Hollinghurst referred to Nick as ‘a political blank’ who allows his thirst for the aesthetic to mould his behaviour and shape his experience. Nick thus follows the line of beauty – the ogee – a double ‘s’ curve identified by William Hogarth as an underlying aesthetic principle in his derided 1753 Analysis of Beauty. Hogarth, rather like Nick – and perhaps a little like Hollinghurst – was the son of a middling family who used his artistic prowess to leverage his way into the upper echelons. For Hogarth, The Analysis of Beauty offered a means of bringing aesthetic knowledge and pleasure to ordinary people, while Hogarth’s art, rather like Hollinghurst’s, uses an outsider’s eye to dissect upper-class mores, foibles and hypocrisies.
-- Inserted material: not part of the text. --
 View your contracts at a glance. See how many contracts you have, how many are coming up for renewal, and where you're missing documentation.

Hollinghurst considered how his focus on the upper-classes allowed him to tap into a rich literary heritage and admitted that upper-class ‘people are tremendously fun to write about because they’re rich enough to behave so badly’.
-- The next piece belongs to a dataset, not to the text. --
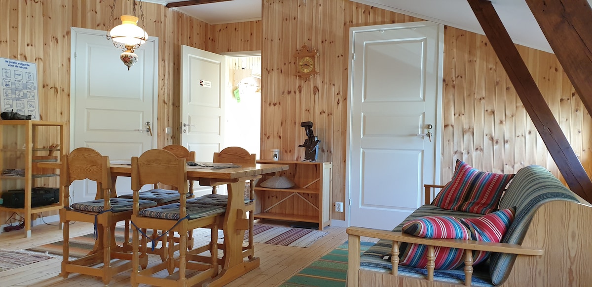 «Välkommen» у нашому затишному зрубі! Двокімнатний будинок на двох поверхах розташований з чудовим видом на південний пляж нашого Fyrsjön. На першому поверсі є двоспальне ліжко, і до 4 осіб можуть комфортно спати під похилим дахом на верхньому поверсі. Стиль старих балок, вид з вікна озера, каное та наша нова БОЧКОВА САУНА (включено) роблять ваше перебування ідеальним! Кухня, душ та туалет знаходяться за 20 метрів у «бабусиному будинку», яким користуються всі гості!

Like the ogee, Nick’s life follows two parallel but separate paths: one his ‘official’ life of wealth, comfort and politely received doctoral research into the novels of Henry James (a wry reference to Hollinghurst’s own Jamesian preoccupations); the other is his hidden life of initially tentative and then increasingly compulsive and brutish sex and drug-taking. Nick exhibits less desire for its own sake than a calculated Wildean eagerness to prioritise beauty and experience over morality; what Hollinghurst sought to explore through Nick is ‘the limitation of being led through life by your sense of beauty’.

The novel seethes with barely concealed secrets, as Nick first embarks upon a tentative, romantic affair with the closeted Leo and then a destructive, loveless affair with the cold, jaded and self-loathing Wani. Increasingly, Nick becomes enamoured with secrecy itself, revelling in his risky sauntering between the two worlds he keeps separate. Nick’s increasingly outré adventures are later served as a tabloid side-dish to Gerald’s adultery, eliciting his stinging eviction from the cosseted world of the Feddens. It is Catherine Fedden, with her manic depression (which her father maintains a wilful stupidity about), unsuitable lower-class boyfriends and visceral distaste for the smothering hypocrisy of her own class, who, Cassandra-like, speaks the truth of the outsider and brings down the artifice of her parents’ – and Nick’s – lives. The double helix of the ogee also suggested, to one questioner, a tension in the novel between the public and the private, between privacy and surveillance, which Hollinghurst admiringly admitted he hadn’t considered before.

In the decade in which Wham! famously encouraged ‘young guns’ to ‘go for it’, Nick’s descent into hard-heartedness and unthinking, repetitious excess suggests one destination for those following the line of beauty. From the range of reactions expressed by readers at the event – from sympathy, identification and admiration, to irritation, dislike and even hatred – it is clear that the mutable character of Nick continues to abundantly evoke the ‘fascinating, unknowable’ responses that Hollinghurst so enjoys.